Holidays Act 2003: Health practitioners will be able to certify proof of sickness or injury including suitably qualified registered nurses, if their employer and the Nursing Council of New Zealand recognise that they are competent and safe to do so

Burial and Cremation Act 1964: Nurse practitioners will be able to issue certificates for the cause of death for patients in their care.

Medicines Act 1981: Nurse practitioners will be able to supervise designated prescribers (such as authorised registered nurse prescribers or RN prescriber candidates).

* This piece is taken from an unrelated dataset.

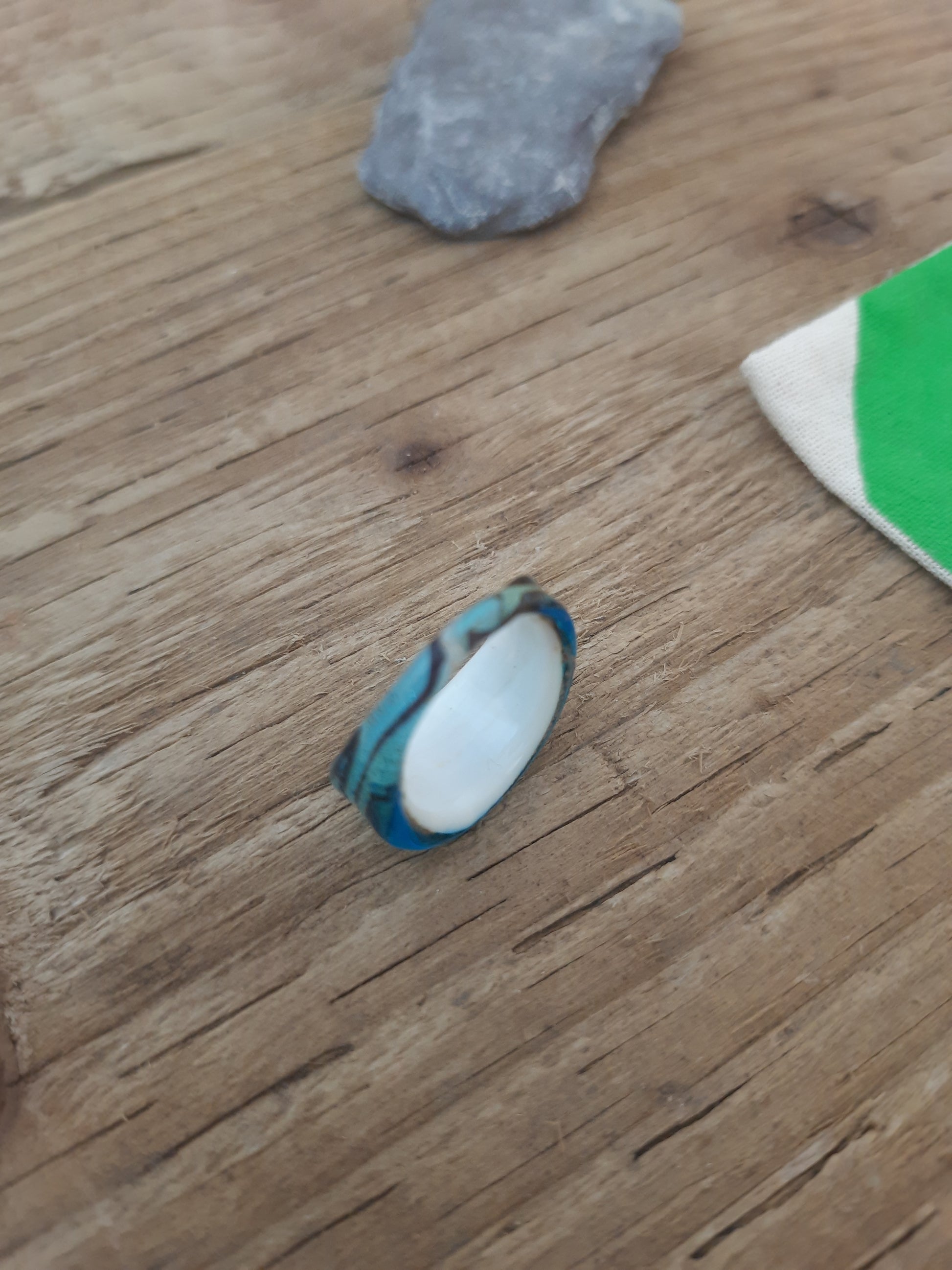 Lovingly made by skilful artisans in India in beautiful sky blue with an element of black streaks across the facial this cute ladies hand ring will certainly hold its own.

Mental Health (Compulsory Assessment and Treatment) Act 1992: Nurse practitioners, or registered nurses working in mental health, will be allowed to complete a health practitioner certificate for applications for assessment under the Act. An NP will also be able to conduct an assessment examination if approved by the Director of Mental Health. The Director can delegate this approval to the Director of Area Mental Health Service.

Accident Compensation Act 2001: Health practitioners providing treatment to a client will be given the opportunity to participate in preparing clients’ individual rehabilitation plans. Suitably qualified health practitioners will also be able to prescribe aids and appliances.

Oranga Tamariki Act 1989 (formerly the Children, Young Persons, and Their Families Act 1989): Health practitioners will be able to carry out medical examinations ordered by the court when considering whether children or young people have been abused, if the court considers that these health practitioners are qualified for that purpose. In addition, a social worker will be able to ask for medical examinations to be completed by health practitioners qualified for that purpose.

Misuse of Drugs Act 1975: Nurse practitioners, registered nurses working in addiction services and pharmacist prescribers will be allowed to prescribe controlled drugs for the purposes of treating addiction.

Land Transport Act 1998: Health practitioners will be able to request blood tests from drivers and assess and report on their fitness to drive. It will be illegal for someone to refuse a blood test from a health practitioner. Other amendments enable health practitioners to take blood, handle evidential specimens and appear in court to give evidence.